- **Task to complete**
Once the line holding "28, 2019. | |" is found, output it and all remaining lines of the data exactly, with every picture left out.

- **The data**
_ _ _ _ _

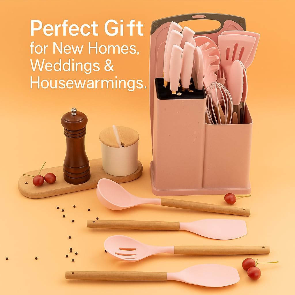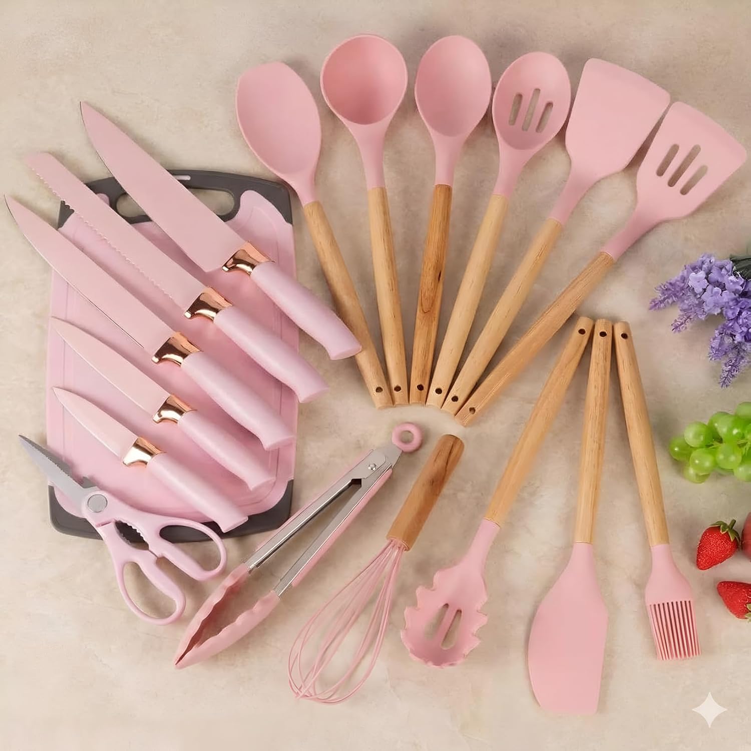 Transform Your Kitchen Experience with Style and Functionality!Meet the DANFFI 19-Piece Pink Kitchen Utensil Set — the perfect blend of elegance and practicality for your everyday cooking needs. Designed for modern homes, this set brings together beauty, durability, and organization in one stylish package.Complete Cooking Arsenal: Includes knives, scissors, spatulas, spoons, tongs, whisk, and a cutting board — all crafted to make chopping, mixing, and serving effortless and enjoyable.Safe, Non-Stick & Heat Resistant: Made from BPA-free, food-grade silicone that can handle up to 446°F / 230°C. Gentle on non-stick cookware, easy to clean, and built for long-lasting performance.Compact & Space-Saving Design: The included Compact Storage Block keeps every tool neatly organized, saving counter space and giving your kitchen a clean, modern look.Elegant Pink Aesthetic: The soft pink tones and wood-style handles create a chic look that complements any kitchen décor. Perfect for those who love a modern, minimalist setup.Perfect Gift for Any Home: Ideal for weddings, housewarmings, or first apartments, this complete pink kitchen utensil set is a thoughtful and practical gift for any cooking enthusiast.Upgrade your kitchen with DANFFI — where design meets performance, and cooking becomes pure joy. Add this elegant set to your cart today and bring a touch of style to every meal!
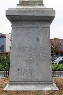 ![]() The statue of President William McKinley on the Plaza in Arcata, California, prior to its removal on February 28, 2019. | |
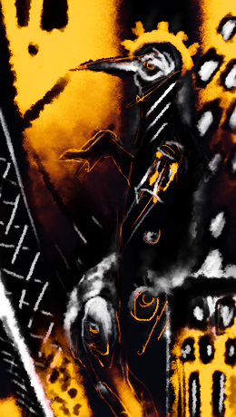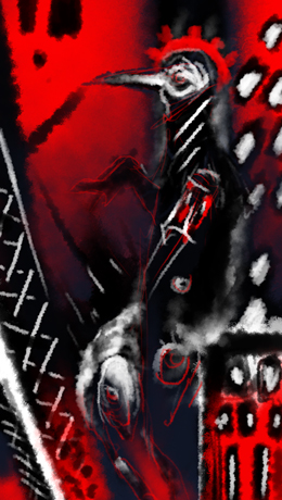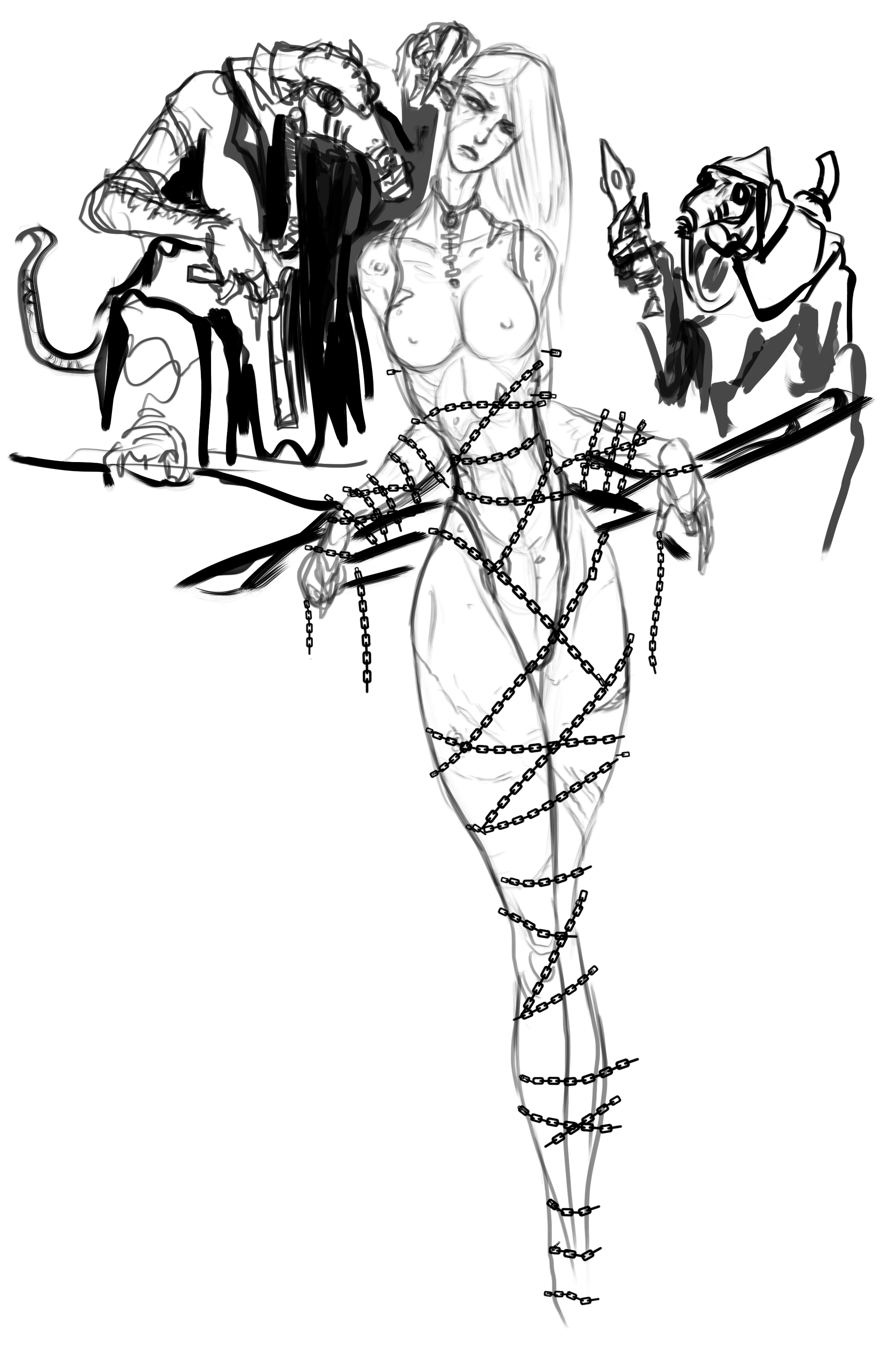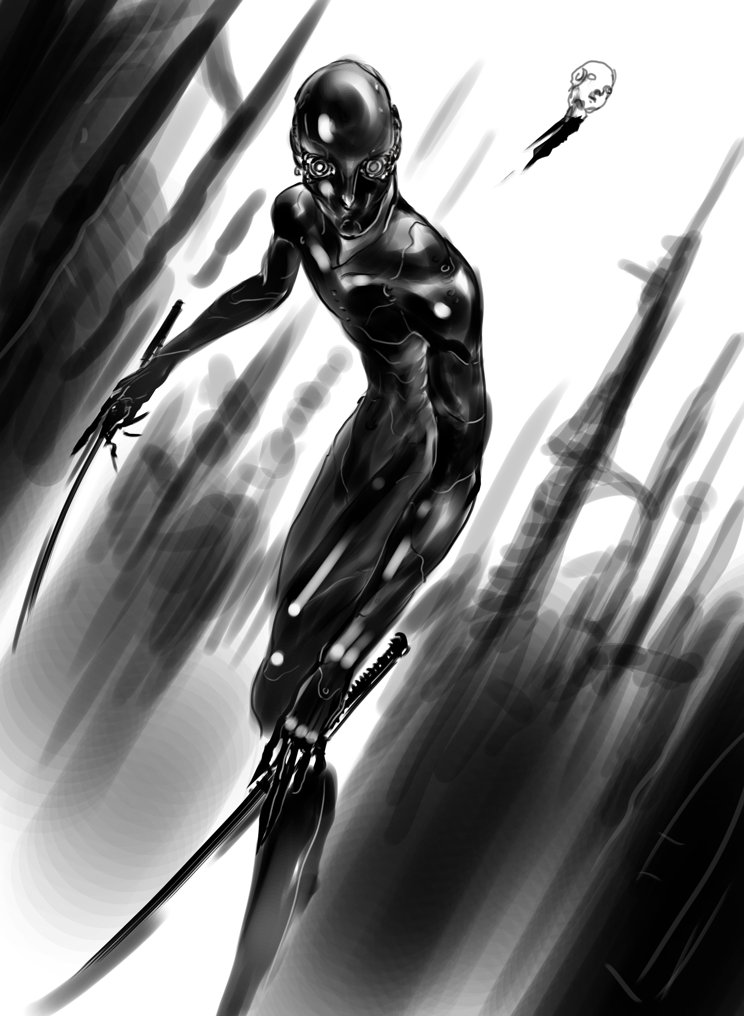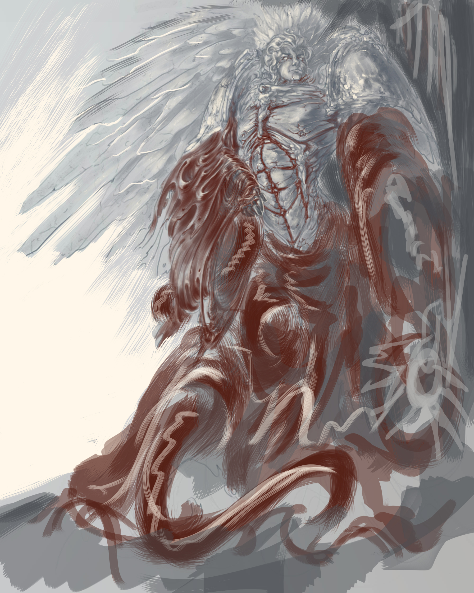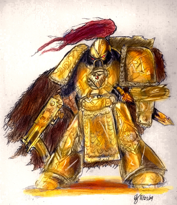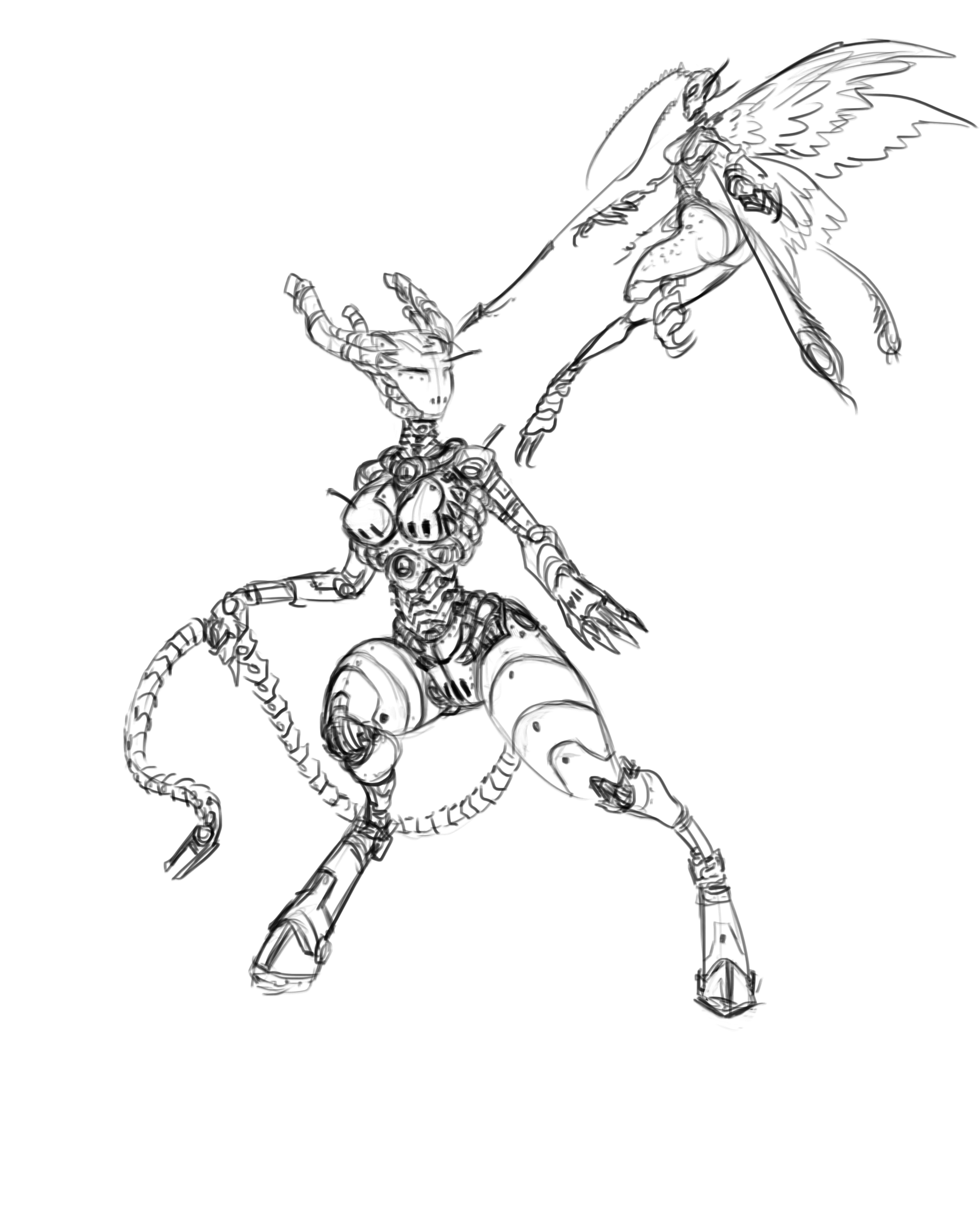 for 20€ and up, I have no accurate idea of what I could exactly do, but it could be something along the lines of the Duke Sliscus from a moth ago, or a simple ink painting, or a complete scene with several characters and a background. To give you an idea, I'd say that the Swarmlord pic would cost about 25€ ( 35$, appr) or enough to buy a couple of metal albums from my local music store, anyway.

_ _ _ _ _

- **Task solution**
 ![]() The statue of President William McKinley on the Plaza in Arcata, California, prior to its removal on February 28, 2019. | |
 for 20€ and up, I have no accurate idea of what I could exactly do, but it could be something along the lines of the Duke Sliscus from a moth ago, or a simple ink painting, or a complete scene with several characters and a background. To give you an idea, I'd say that the Swarmlord pic would cost about 25€ ( 35$, appr) or enough to buy a couple of metal albums from my local music store, anyway.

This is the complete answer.